If $Z$ is i.i.d. and independent of $X_0$, then $X_n:=f(X_{n-1},Z_n)$ is Markov

Let

• $$(E_i,\mathcal E_i)$$ be a measurable space;
• $$f:E_1\times E_2\to E_1\to E_1$$ be $$(\mathcal E_1\otimes\mathcal E_2,\mathcal E_1)$$-measurable;
• $$(\Omega,\mathcal A,\operatorname P)$$ be a probability space;
• $$X_0$$ be an $$E_1$$-valued random variable on $$(\Omega,\mathcal A,\operatorname P)$$;
• $$(Z_n)_{n\in\mathbb N}$$ be an $$E_2$$-valued i.i.d. process on $$(\Omega,\mathcal A,\operatorname P)$$ independent of $$X_0$$ and $$\mu$$ denote the distribution of $$Z_1$$.

How do we show that $$X_n:=f(X_{n-1},Z_n)\;\;\;\text{for }n\in\mathbb N$$ is a time-homogeneous Markov chain with transition kernel $$(\kappa g)(x):=\operatorname E\left[(g\circ f)(x,Z_1)\right]=\int(g\circ f)(x,z)\:\mu({\rm d}z)\;\;\;\text{for }x\in E_1$$ for bounded $$\mathcal E_1$$-measurable $$g:E_1\to\mathbb R$$?

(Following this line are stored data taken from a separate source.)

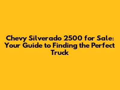 Finding Your Chevy Silverado 2500: Where to Look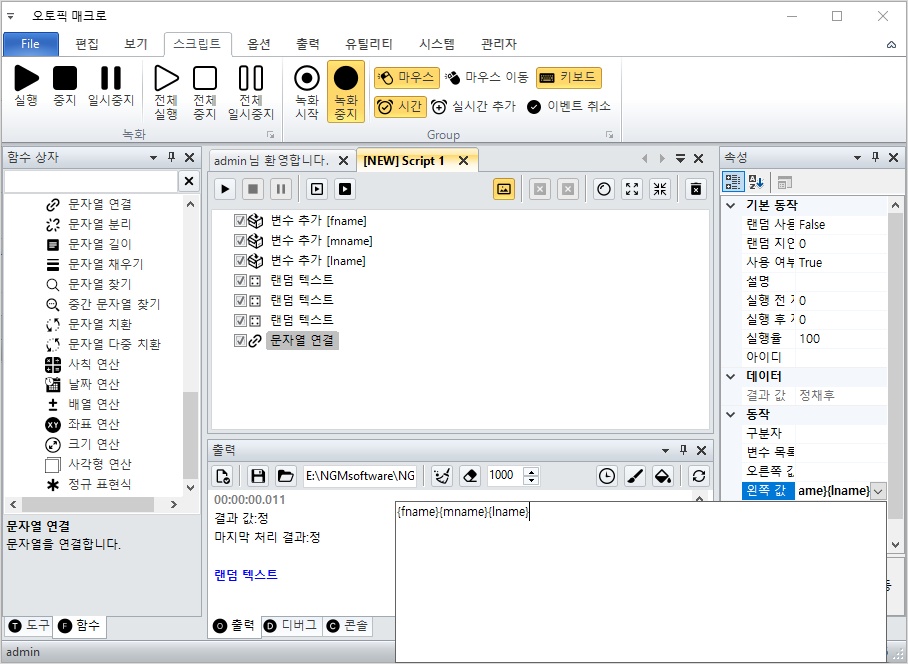 [ 문자열 연결 ] 액션을 추가하고, 아래 그림과 같이 변수 이름을 적어주세요.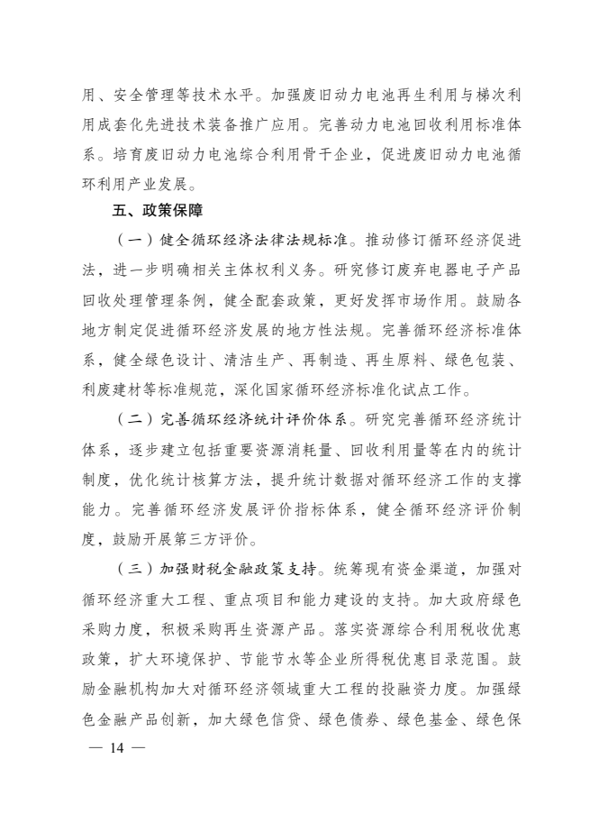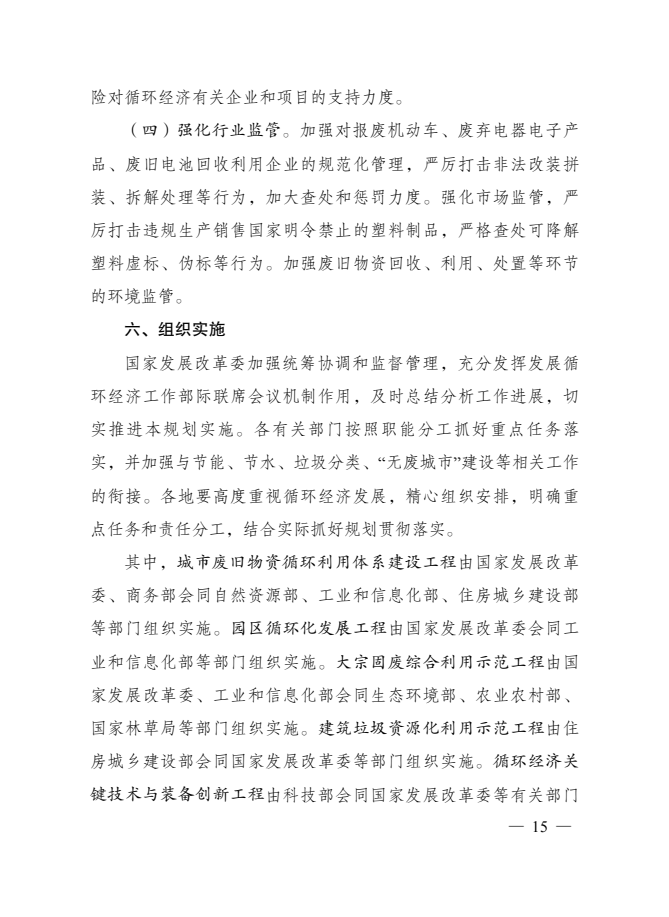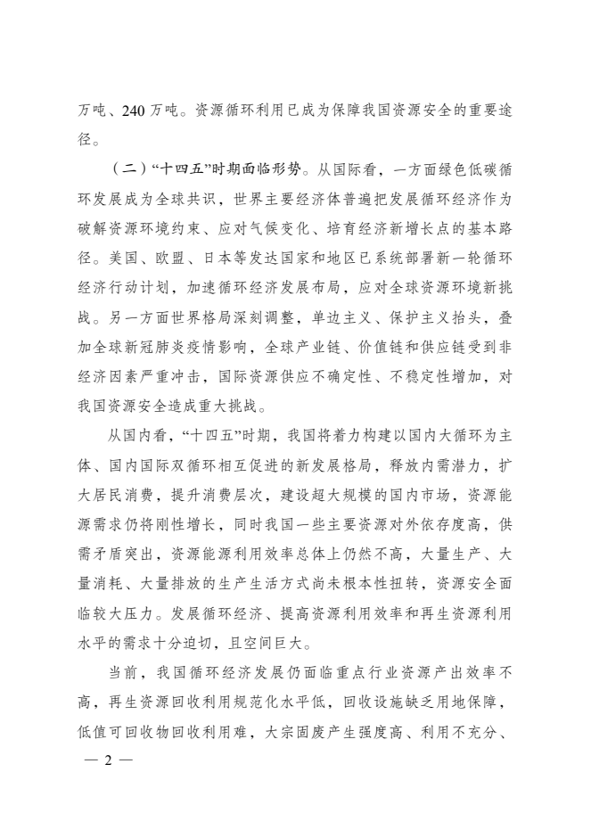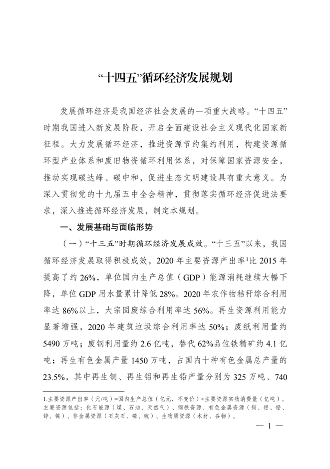 “十四五”循環(huán)經(jīng)濟(jì)發(fā)展規(guī)劃的通知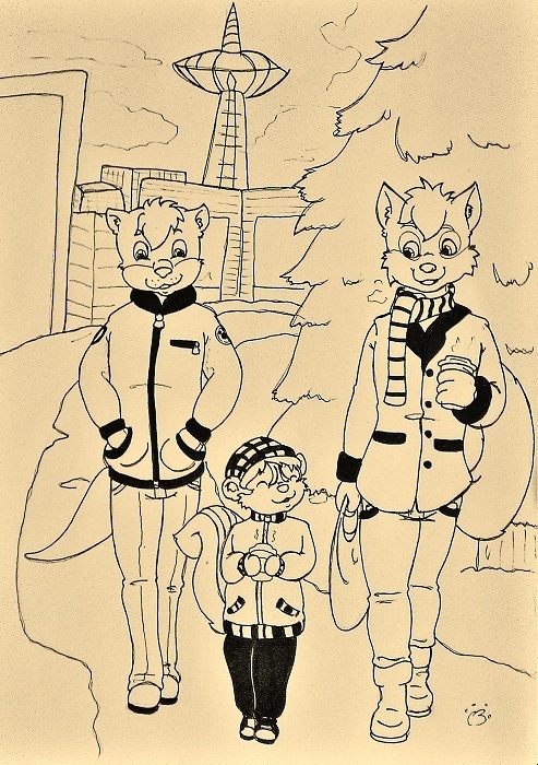 Jessie, Travis and Kaden, giving the shorter boy hot coco.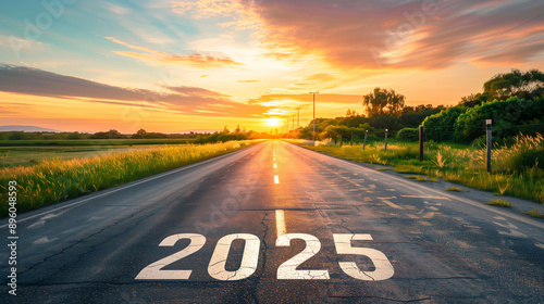 A straight desert road marked with the number 2025, extending into the horizon with the sun rising, symbolizing the journey and anticipation for the year 2025.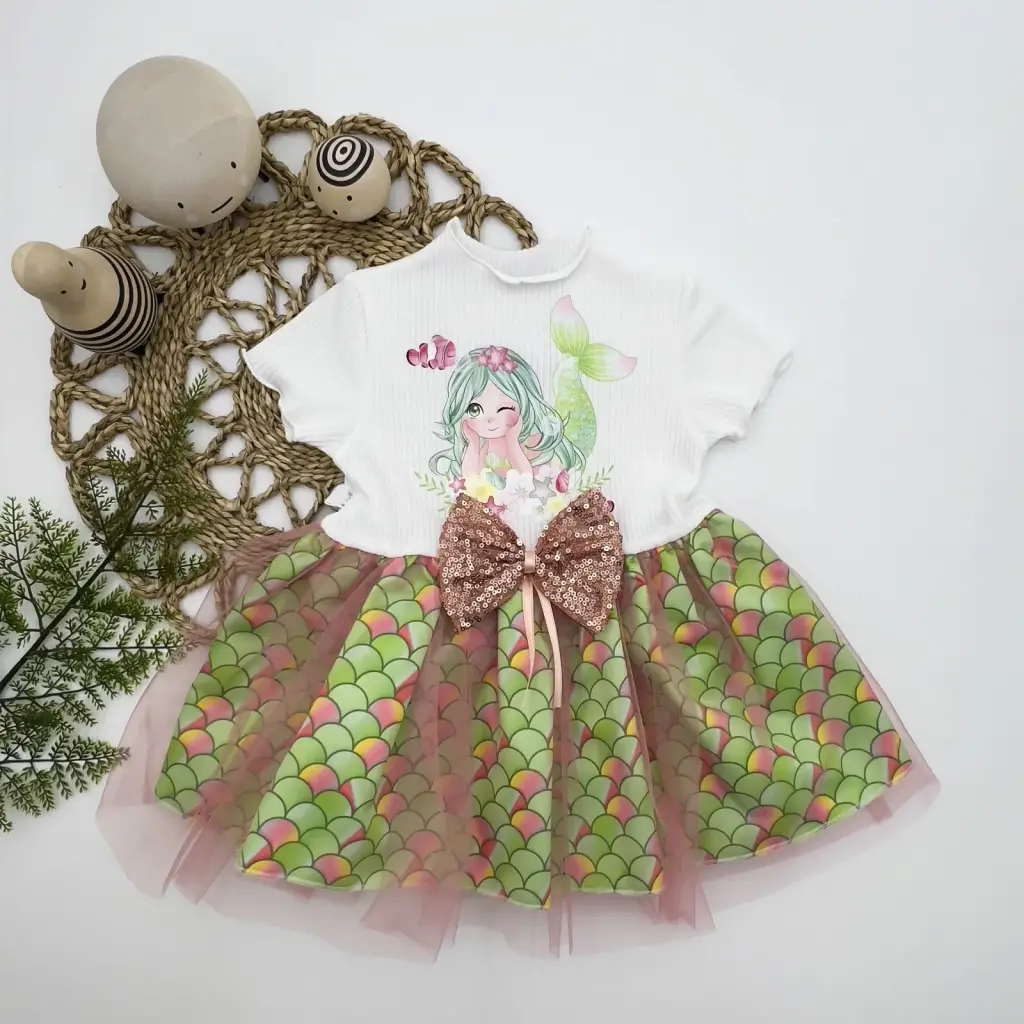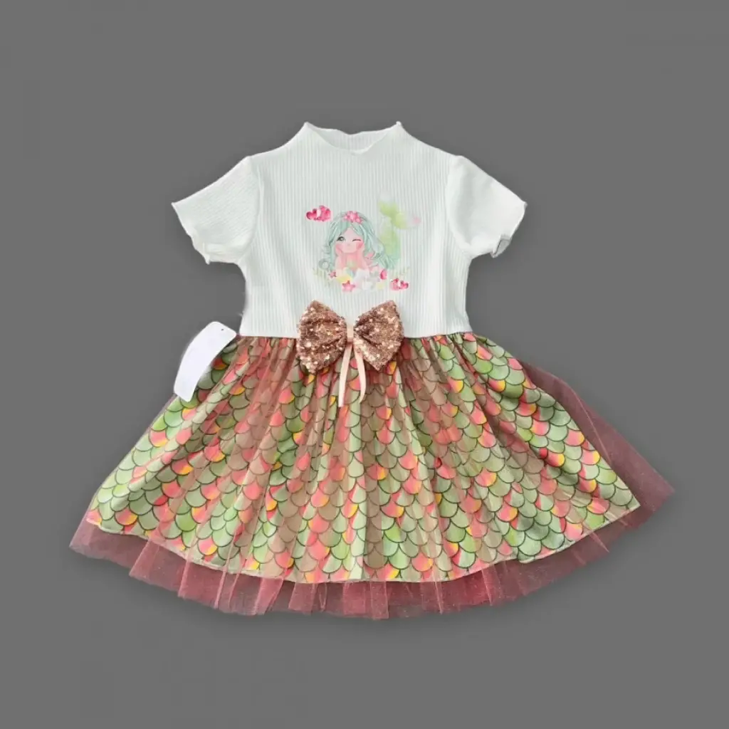 1-2-3 Yaş Denizkızı Baskılı Pul Desen Etekli Kız Bebek Elbisesi

Remember the following result:

Lemma: Let $$Y_i$$ be an $$(E_i,\mathcal E_i)$$-valued random variable on $$(\Omega,\mathcal A,\operatorname P)$$, $$h:E_1\times E_2\to\mathbb R$$ is bounded and $$(\mathcal E_1\otimes\mathcal E_2)$$-measurable and $$\mathcal F\subseteq\mathcal A$$ be a $$\sigma$$-algebra. If $$\mathcal F$$ is independent of $$Y_2$$ and $$Y_1$$ is $$\mathcal F$$-measurable, then $$\operatorname E\left[h(Y_1,Y_2)\mid\mathcal F\right]=\left.\operatorname E\left[h(y_1,Y_2)\right]\right|_{y_1\:=\:Y_1}\tag1.$$

Using this lemma, it is easy to see that $$\operatorname E\left[g(X_{n+1})\mid\mathcal F^X_n\right]=(\kappa g)(X_n)\tag2$$ holds true for $$n=0$$.

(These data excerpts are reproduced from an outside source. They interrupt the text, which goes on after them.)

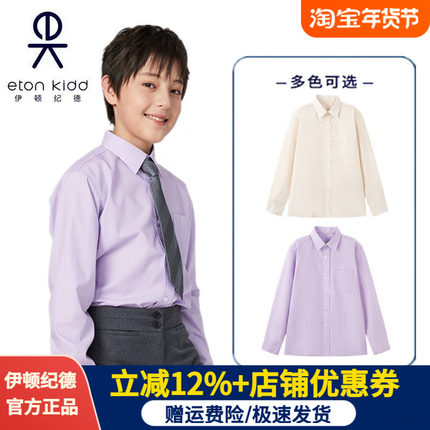 【伊顿纪德&Trutex联名款】学院男童春秋紫色长袖衬衫中小学衬衣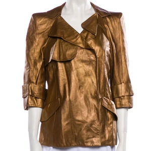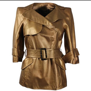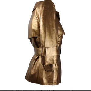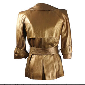 Mini trench in bronze lamb leather, 3/4 sleeves. black monogrammed silk lining. Button closure pressure, very chic and modern with epaulettes. Two flap pockets. Value Shop $3,999. Unbelted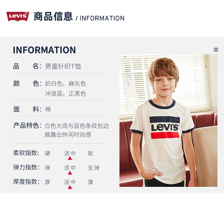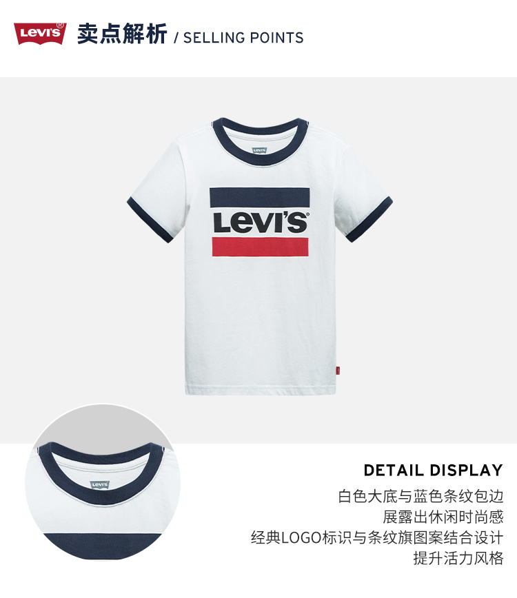 这款Levi's 李维斯 2021年夏季新款男中大童LOGO款休闲时尚短袖T恤,使用全棉质地,亲肤透气,柔软舒适,基础款圆领贴边,美观且易于穿脱;经典LOGO标识与条纹旗图案结合,设计醒目,彰显质感;白色大底与蓝色条纹包边,展露出休闲时尚感。

But how do we need to proceed for $$n\ge1$$? Are we somehow able to show that $$\mathcal F^X_n$$ is independent of $$Z$$?

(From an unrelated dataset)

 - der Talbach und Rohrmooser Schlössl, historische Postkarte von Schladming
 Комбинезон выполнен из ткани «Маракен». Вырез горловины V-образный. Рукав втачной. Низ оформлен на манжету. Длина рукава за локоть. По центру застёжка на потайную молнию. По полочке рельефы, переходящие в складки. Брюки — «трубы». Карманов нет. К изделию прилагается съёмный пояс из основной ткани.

• Notice that $\sigma(X_0, \dots, X_{n-1}) \subseteq \sigma(X_0, Z_1, \dots, Z_{n-1})$ which by assumption is independent of $\sigma(Z_n, Z_{n+1}, \dots)$, and in particular is independent of $Z_n$. Apr 10, 2022 at 18:07
• @NateEldredge Thank you. It's trivial. That was the easy argument I was looking for. Apr 10, 2022 at 18:31

For convenicen Let $$Z'_n=Z_{n-1}$$ for $$n\geq1$$ so that $$X_n(\omega)=f(X_{n-1}(\omega),Z'_{n-1}(\omega))$$

It suffices to show that for any measurable $$A\subset E_1$$, $$E[\mathbb{1}_A(X_{n+1})|\sigma(X_0,\ldots,X_n)=G_n(X_n)$$ for each $$n\geq1$$.

It is easy to see that there are measurable functions $$F_n:E_1\times E^n_2\rightarrow E_1$$ such that $$X_n=F_n(X_0,Z'_0,\ldots,Z'_{n-1})$$ Fix $$n\in\mathbb{N}$$. Any bounded measurable function $$H(\omega):=h(X_0(\omega),\ldots,X_n(\omega))$$ depends on $$X_0,\ldots,X_n$$ only through $$(X_0,Z'_1,\ldots,Z'_{n-1})$$, that is $$H=\Phi(X_0,Z'_0,\ldots,Z'_{n-1})$$. As $$X_0$$ and $$Z'$$ are independent

\begin{align} E[\mathbb{1}_A((X_{n+1})H]&=E[\mathbb{1}_A(F_n(X_0,Z'_0,\ldots,Z'_n))\Phi(X_0,Z'_0,\ldots,Z'_{n-1})]\\ &=\int_{E_1\times E^{n+1}_2 }\mathbb{1}_A(F_n(x_0,z_0,\ldots,z_{n-1},z_n))\Phi(x_0,z_0,\ldots,z_{n-1})\mu_{X_0}(dx_0)\mu^{\otimes n+1}_{Z'_0}(dz_0,\ldots,dz_n)\\ &=\int_{E_0\times E^n_2}\Phi(x_0,z_0,\ldots,z_{n-1})\cdot\\ &\qquad\Big(\int_{E_2}\mathbb{1}_A(F_n(x_0,z_0,\ldots,z_{n-1},z_n))\,\mu_{Z_0}(dz_n)\Big)\,\mu_{X_0}(dx_0)\times\mu^{\otimes n}_{Z_0}(dz_0,\ldots,dz_n)\\ &=\int\Phi(x_0,z_0,\ldots,z_{n-1})\Big(\int\mathbb{1}_A(f(x_n,z_n)\,\mu_{Z_0}(dz_n)\Big)\mu_{X_0}(dx_0)\times\mu^{\otimes n}_{Z_0}(dz_0,\ldots,dz_n)\\ &=E[HG_n(X_n)] \end{align} where $$G(x_n)=\int\mathbb{1}_A(f(x_n,z)\mu_{Z_0}(dz)$$. That is, $$E[\mathbb{1}_A(X_{n+1})|\sigma(X_0,X_1,\ldots, X_n)]=G(X_n)$$